Dr. Bek believes that even though our bodies are confined to
the Hospital, there is no reason to limit our minds.
I think about how devoted the pilgrims seem, the way they
stand out there in all kinds of weather, staring up at the windows.
They don’t bang on the doors and shout to be let inside; they don’t
demand to be included in our secrets. They just wait. Dr. Bek is
always reminding us of our specialness. Do the pilgrims know
we’re special too?
For a while, the library is the space I like best. All the patient
quarters are white-walled rooms with white twin beds and white
rolling medicine cabinets — other things in the Hospital that are
white: the sheets, the pillows, the hazmat suits of the nurses, the
flimsy shower curtains, the towels that scratch our skin — and so
the walnut bookcases and the round olive-colored rug make the
library feel special, like a portal to a place that is separate from
the rest of the Hospital.
When I start reading about the dinosaurs and the
Mayans,
however, the things I learn disturb me. For example, the book
on the dinosaurs is not about how big and magnificent they were,
but about why they all died. There is no agreement on what happened. An
asteroid, continental drift, an epidemic. In the book about the Mayans,
the author says they were wiped out by a
plague, that every so often “incurables” appear and civilizations
are reset. When I discuss my findings with Dr. Bek, he says the
sickness is not the result of some cosmic reordering. Rather it’s
the simple truth that the smallest alteration can create the perfect
atmosphere for a new disease to emerge. “The world is a very fragile
place,” he tells me, another favorite line of his.

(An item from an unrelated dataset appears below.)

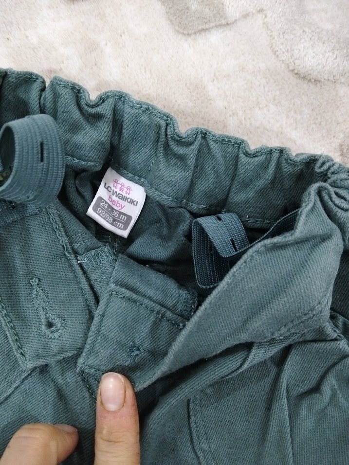 Düğmeli tasarıma sahip yeşil erkek çocuk pantolonu, rahat bol kesim ve düz basic stilde, yumuşak sentetik kumaştan üretilmiştir.
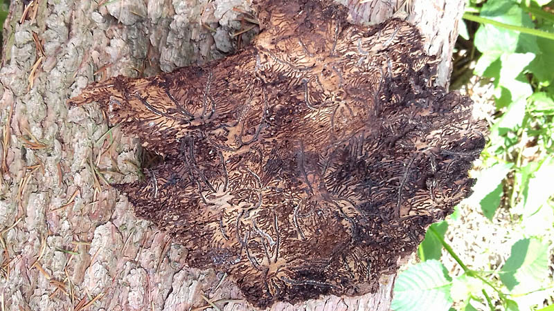 Insektenbefall – hier die Fraßspuren eines Borkenkäfers – war 2018 nach Sturmschäden die zweithäufigste Ursache für Schadholzeinschlag. Foto: FNR

I’ve grown up knowing the world is fragile. No one needs to
tell me that.
I stretch out in a hallway. I’ve been walking the Hospital for so
many hours, I’ve forgotten what floor I’m on. I only know that I
can’t keep moving. I lie on my back, my arms pressed against my
sides, and feel the cool on my spine. On the patient floors, the
hallways are identical: long and white and fluorescent-lit, with
an arched, barred window at one end. I think of the different
Floor Groups standing at their window and watching the pilgrims at the same time, all of us mirrors of each other.
I gaze up at the lights and feel the burn in my
corneas. I wonder how long I would have to look into them before I went
blind.
I feel the brightness in my cheekbones and inside my mouth. I
feel it sinking into my skull. The floor stays empty. I begin to
think no one will ever find me here. That I can lie like this forever,
still and filled with light.
The voice brings me out. None of the patients have ever seen
the Pathologist, but every day his voice crackles over the wall
speakers. I sit up and rub my eyes, imagining a man alone in a
room on the tenth floor, whispering into a machine. Sometimes
he has practical things to say, like an announcement about meals,
and sometimes he just talks to us.
Today he tells us
what good patients we are. Meditations, these are called, even though
I’ve always been under the impression that meditating is something
you’re supposed to do in silence. Repeat after me: you are well, you have always been
well, you will always be well. He says we’re doing everything right. All we need to do now is keep breathing.